WORK INSTRUCTION:
Write out, exactly and only, the lines that run from the top of the records to the line with "HIT Non Stop Set is". Include both ends; exclude pictures.

#### DATA SUPPLIED ####

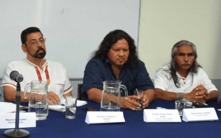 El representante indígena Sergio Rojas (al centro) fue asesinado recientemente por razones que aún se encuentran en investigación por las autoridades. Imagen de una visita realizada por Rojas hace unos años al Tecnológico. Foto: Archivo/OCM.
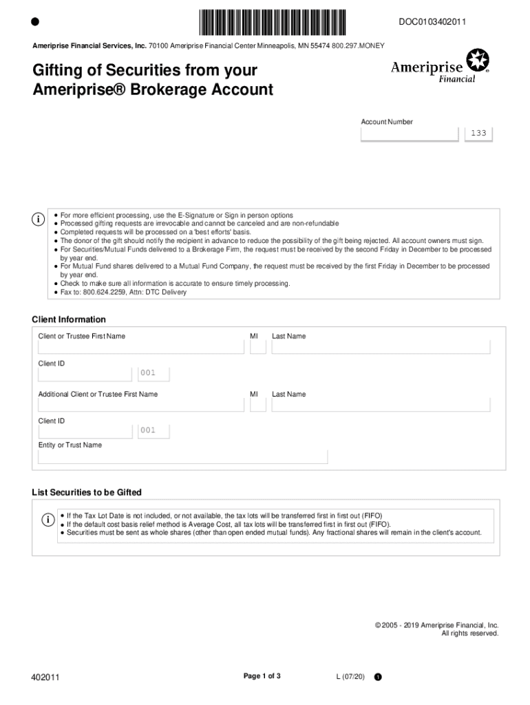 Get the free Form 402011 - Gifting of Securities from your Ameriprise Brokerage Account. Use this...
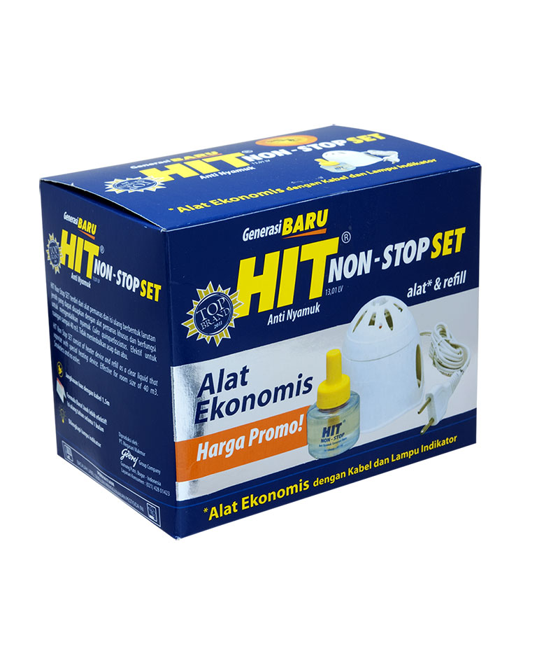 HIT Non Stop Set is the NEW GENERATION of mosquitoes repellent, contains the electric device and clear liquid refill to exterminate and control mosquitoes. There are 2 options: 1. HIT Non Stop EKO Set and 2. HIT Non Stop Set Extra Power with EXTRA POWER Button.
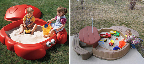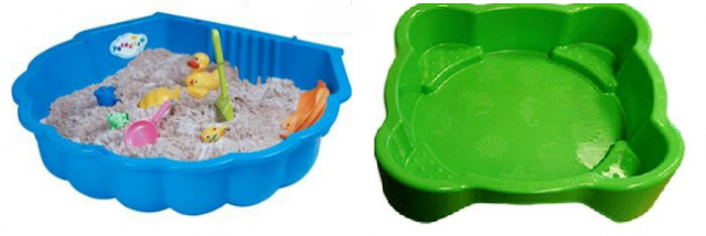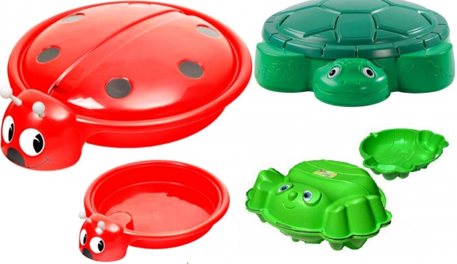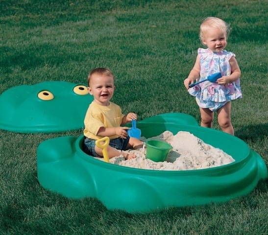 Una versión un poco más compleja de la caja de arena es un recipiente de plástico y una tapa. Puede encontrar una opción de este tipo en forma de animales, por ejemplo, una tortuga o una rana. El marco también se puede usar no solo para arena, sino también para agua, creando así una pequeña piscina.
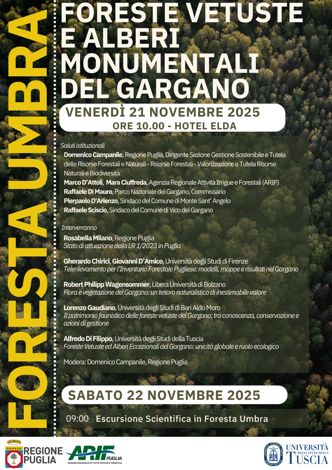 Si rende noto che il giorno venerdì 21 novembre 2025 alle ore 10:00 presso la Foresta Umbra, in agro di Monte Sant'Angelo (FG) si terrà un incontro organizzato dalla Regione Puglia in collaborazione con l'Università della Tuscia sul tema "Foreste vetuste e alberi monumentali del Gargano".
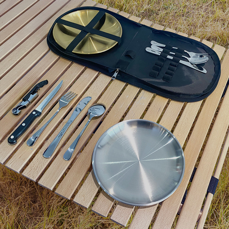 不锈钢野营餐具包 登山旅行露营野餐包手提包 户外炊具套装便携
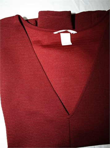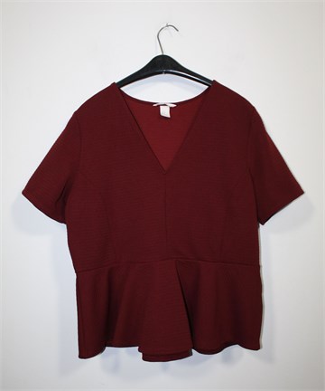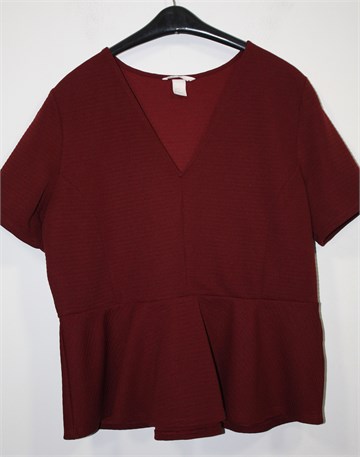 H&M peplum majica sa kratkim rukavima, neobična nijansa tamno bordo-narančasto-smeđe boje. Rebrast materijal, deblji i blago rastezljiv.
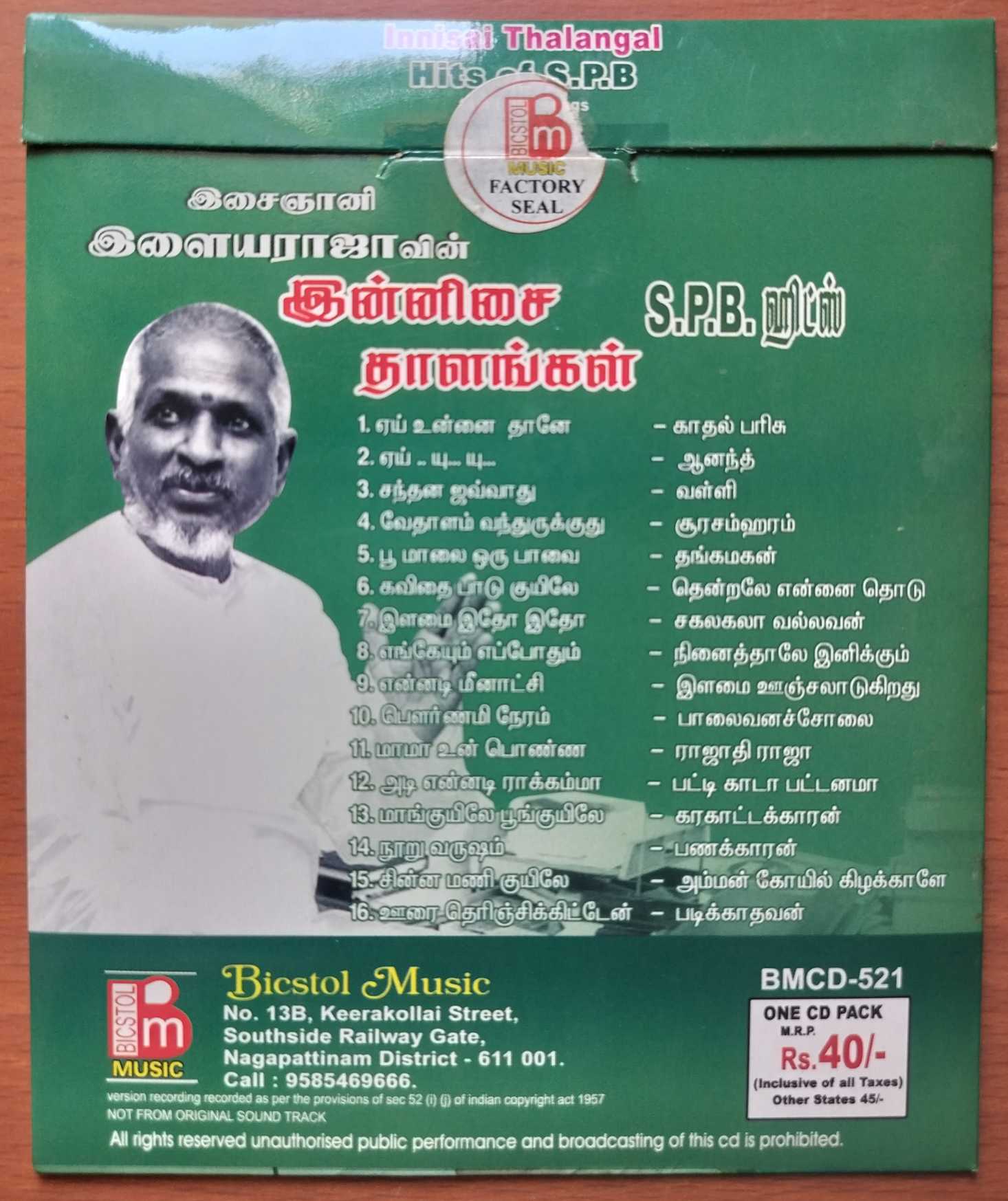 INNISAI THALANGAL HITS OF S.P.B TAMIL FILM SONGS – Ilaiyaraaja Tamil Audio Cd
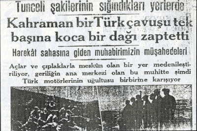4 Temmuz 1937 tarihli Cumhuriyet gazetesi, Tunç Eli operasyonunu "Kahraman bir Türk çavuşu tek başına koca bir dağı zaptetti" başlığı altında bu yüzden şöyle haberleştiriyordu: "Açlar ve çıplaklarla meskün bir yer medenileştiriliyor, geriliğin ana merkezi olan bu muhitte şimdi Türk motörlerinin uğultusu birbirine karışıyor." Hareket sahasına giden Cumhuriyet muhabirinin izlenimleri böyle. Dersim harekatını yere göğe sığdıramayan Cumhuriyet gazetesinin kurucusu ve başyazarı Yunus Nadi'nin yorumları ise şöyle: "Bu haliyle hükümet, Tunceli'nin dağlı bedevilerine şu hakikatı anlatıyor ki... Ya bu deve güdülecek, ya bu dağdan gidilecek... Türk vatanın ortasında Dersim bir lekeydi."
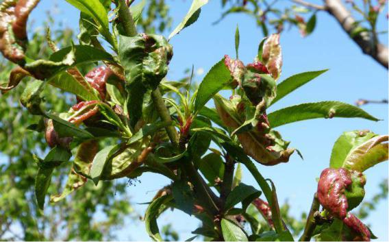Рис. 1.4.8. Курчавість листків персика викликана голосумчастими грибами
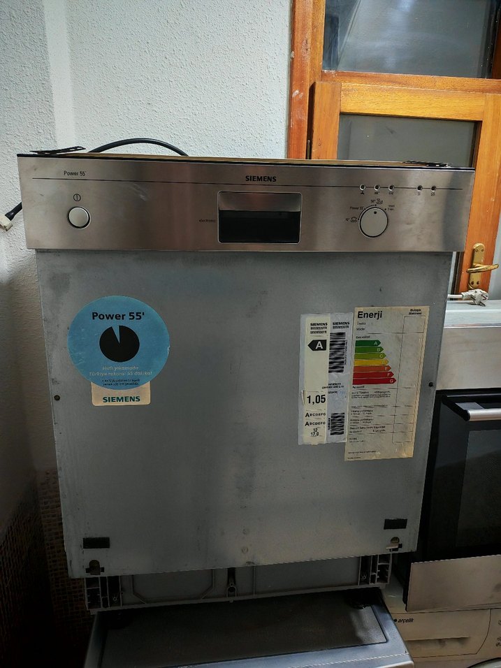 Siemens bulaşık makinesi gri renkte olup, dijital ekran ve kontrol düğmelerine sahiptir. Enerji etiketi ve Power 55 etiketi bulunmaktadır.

####

ANSWER TO THIS PROBLEM:
 El representante indígena Sergio Rojas (al centro) fue asesinado recientemente por razones que aún se encuentran en investigación por las autoridades. Imagen de una visita realizada por Rojas hace unos años al Tecnológico. Foto: Archivo/OCM.
 Get the free Form 402011 - Gifting of Securities from your Ameriprise Brokerage Account. Use this...
 HIT Non Stop Set is the NEW GENERATION of mosquitoes repellent, contains the electric device and clear liquid refill to exterminate and control mosquitoes. There are 2 options: 1. HIT Non Stop EKO Set and 2. HIT Non Stop Set Extra Power with EXTRA POWER Button.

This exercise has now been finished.